We present a novel Finite Volume (FV) scheme on unstructured polygonal meshes that is provably compliant with the Second Law of Thermodynamics and the Geometric Conservation Law (GCL) at the same time. The governing equations are provided by a subset of the class of symmetric and hyperbolic thermodynamically compatible (SHTC) models. Our numerical method discretizes the equations for the conservation of momentum, total energy, distortion tensor and thermal impulse vector, hence accounting in one single unified mathematical formalism for a wide range of physical phenomena in continuum mechanics. By means of two conservative corrections directly embedded in the definition of the numerical fluxes, the new schemes are proven to satisfy two extra conservation laws, namely an entropy balance law and a geometric equation that links the distortion tensor to the density evolution. As such, the classical mass conservation equation can be discarded. Firstly, the GCL is derived at the continuous level, and subsequently it is satisfied by introducing the new concepts of general potential and generalized Gibbs relation.
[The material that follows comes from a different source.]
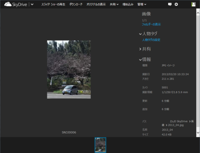 SkyDriveでは、写真の回転は出来ないので、向きをちゃんとしたい場合は事前に回転をし、それをアップロードして下さい。

Once compatibility of the GCL is ensured, thermodynamic compatibility is tackled in the same manner, thus achieving the satisfaction of a local cell entropy inequality. The two corrections are orthogonal, meaning that they can coexist simultaneously without interfering with each other. The compatibility of the new FV schemes holds true at the semi-discrete level, and time integration of the governing PDE is carried out relying on Runge-Kutta schemes. A large suite of test cases demonstrates the structure preserving properties of the schemes at the discrete level as well.